Archive for February 24th, 2009
24th February 2009
The way forward x 23
Just as the rest of the world is coming to terms with the death of the kind of market fundamentalism that has held sway on both sides of the Atlantic since the election of Richard Milhous Nixon in 1972, it is curious to see the Labour Government drifting back into a position of deregulation and laisser faire. I think Martin Jacques’s suggestion that the political class hasn’t got a clue how to react to the current crisis is pretty accurate. Falling back on the old certainties, however, simply isn’t going to work.
To counter the oft-made (and often pretty accurate) criticism that all Opposition politicians do is oppose, here are some positive suggestions as to how UK Government policy could respond creatively to the economic crisis in both the short and longer-terms. They build on some suggestions I made in October - but a lot has happened in the last five months, and in Obama’s words things are likely to get worse before they can get better. There is no excuse for fatalism, however: these are just some of the things that a genuinely progressive government could do:
Short-term ideas
Accelerate monetary policy. The Bank of England delayed cutting its rates until the crisis was in full swing and began by cutting far too timidly. It may already be too late for monetary policy to have more than a marginal effect on economic recovery but this policy option needs to be fully exhausted. (1) Interest rates must be cut to zero. (2) Quantitative easing should commence without delay.

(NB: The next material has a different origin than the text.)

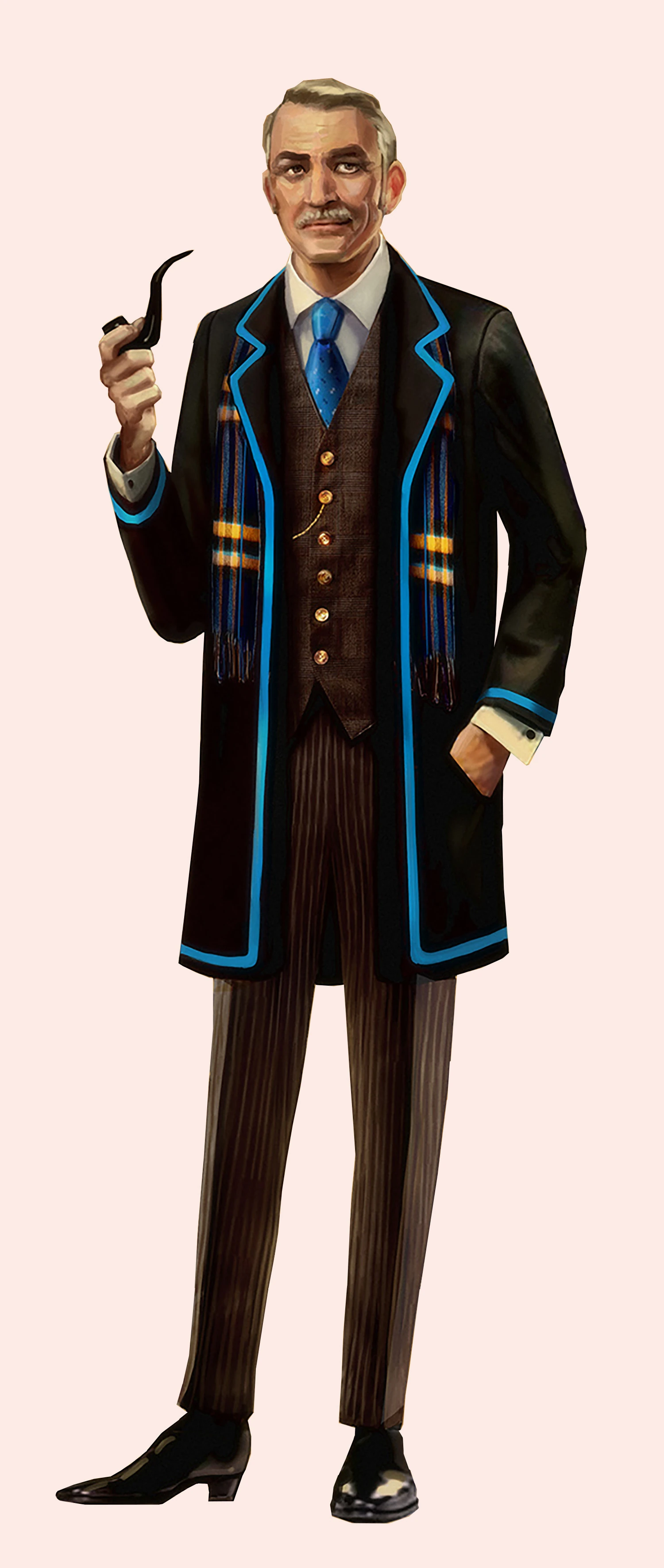 Robert Byng is an old man with white parted hair, moustache, and blue eyes. He wears a dark brown suit with matching shoes, a white button shirt underneath, and a long black jacket with blue rims around the edges.

Stop the easy-money bailout and nationalise the banks. Taken as a whole the UK banking sector is, in every practical sense, insolvent. It is only Government intervention that has kept it afloat. But the Government’s policy of part-nationalisation, credit insurance and emergency liquidity has only been a limited success as bank lending continues to contract and bank losses continue to mount. Alistair Darling’s new plan, buying rotten assets from the banks – through a so-called bad bank – would leave the public stuck with all the bankers’ costliest mistakes, as yet unquantified – with little guarantee of any share of the upside when the economy improved, leaving the offending institutions free to carry on merrily as before. The socialisation of risk and privatisation of reward is a formula that should be roundly rejected.
The alternative option is (3) full-scale nationalisation of the banking system, meaning 100% ownership and direct management by the Government of most, if not all the major banking institutions. The Government is opposed to this for ideological reasons, but it represents far less risk to the taxpayer than the Government’s half-way house. Only full public ownership will allow us to downsize the financial system in a managed way which sustains lending to businesses and household that need it. We need a smaller financial sector, and smaller banks more focused on the real purpose of banking which is to channel capital investment into the economy. The speculative fortunes amassed through exotic financial instruments must not be allowed to return. What we do need to return to is a (4) home-grown version of the American Glass-Steagall Act enacted in the last Great Depression and regrettably repealed in the late 90s, a landmark piece of legislation that barred common ownership of banks, insurance companies and securities firms. That wall of separation between banking and commerce that was breached now needs to be urgently re-erected. Equally, the new mixed economy in finance must be more than just a temporary response to the crisis. (5) Publicly owned and not-for-profit banks that provide a low-cost current and savings accounts as well as low-interest loans to individuals and small businesses must be a key feature of a restructured banking sector in order to act as an additional check on more tightly regulated for-profit financial institutions.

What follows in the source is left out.